A breadth first search is similar but visits each child of the node before "moving on" and as such builds up layers of distance from the chosen root. This can be faster if the destination is expected to be close to the root node. It would be slower if it is expected to be all the way down a path, because it forces you to traverse every possible edge.
Youre right about maybe keeping a list of known root nodes, the tradeoff there is that you basically have to do the search whenever you alter the graph. If you are altering the graph rarely this is acceptable, but if you alter the graph more frequently than you need to generate this information, then of course it is too costly.
EDIT: Info Update.
It sounds like we are actually looking for a path between two arbitrary nodes, the root/leaf semantic keeps getting switched. The DepthFirstSearch (DFS) starts at one node, and then for each unvisited child, recurse. Break if you find the target node. Due to the way recursion evaluates, this will traverse all the way down the 'left' path, then enumerate nodes at this distance before ever getting to the 'right' path. This is time costly and inefficient if the target node is potentially the first child on the right. BreadthFirst walks in steps, covering all children before moving forward. Because your graph is bottom heavy like a tree, both will be approximately the same execution time.
When the graph is bottom heavy you might be interested in a reverse traversal. Start at the target node and walk upwards, because there are relatively fewer nodes in this direction. So long as the nodes in general have more parents than children, this direction will be much faster. You can also combine the approaches, stepping one up and one down , then comparing lists of nodes, and meeting somewhere in the middle. (this combination might seem the fastest if you ignore that twice as much work is done at each step).

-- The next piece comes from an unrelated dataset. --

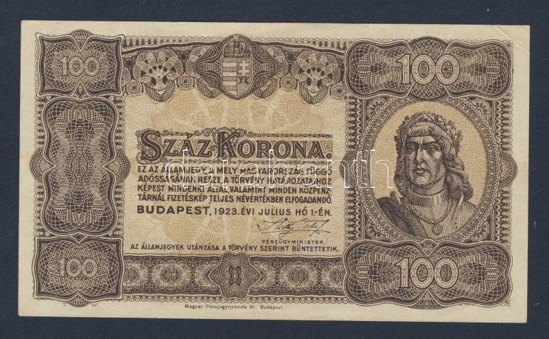 Beschreibung: 1923. 100K "Magyar Pénzjegy..." T:II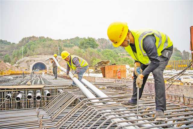 9月20日,位于巴南區惠民街道的渝湘高鐵重慶至黔江段石家沖四變二特大橋建設現場。

However, since you said that your graph is stored as a list of lists of children, you have no real way of traversing the graph backwards. A node does not know what its parents are. This is a problem. To fix it you have to get a node to know what its parents are by adding that data on graph update, or by creating a duplicate of the whole structure (which you have said is too large). It will need the whole structure to be rewritten, which sounds probably out of the question due to it being a large database at this point.
There's a lot of work to do.
http://en.wikipedia.org/wiki/Graph_(data_structure)
Just color (keep track of) visited nodes.
Sample in Python:
def reachable(nodes, edges, start, end):
color = {}
for n in nodes:
color[n] = False
q = [start]
while q:
n = q.pop()
if color[n]:
continue
color[n] = True
for adj in edges[n]:
q.append(adj)
return color[end]
For a vertex x you want to compute a bit array f(x), each bit corresponds to a root vertex Ri, and 1 (resp 0) means "x can (resp can't) be reached from root vertex Ri.
You could partition the graph into one "upper" set U containing all your target roots R and such that if x in U then all parents of x are in U. For example the set of all vertices at distance <=D from the closest Ri.
Keep U not too big, and precompute f for each vertex x of U.
Then, for a query vertex y: if y is in U, you already have the result. Otherwise recursively perform the query for all parents of y, caching the value f(x) for each visited vertex x (in a map for example), so you won't compute a value twice. The value of f(y) is the bitwise OR of the value of its parents.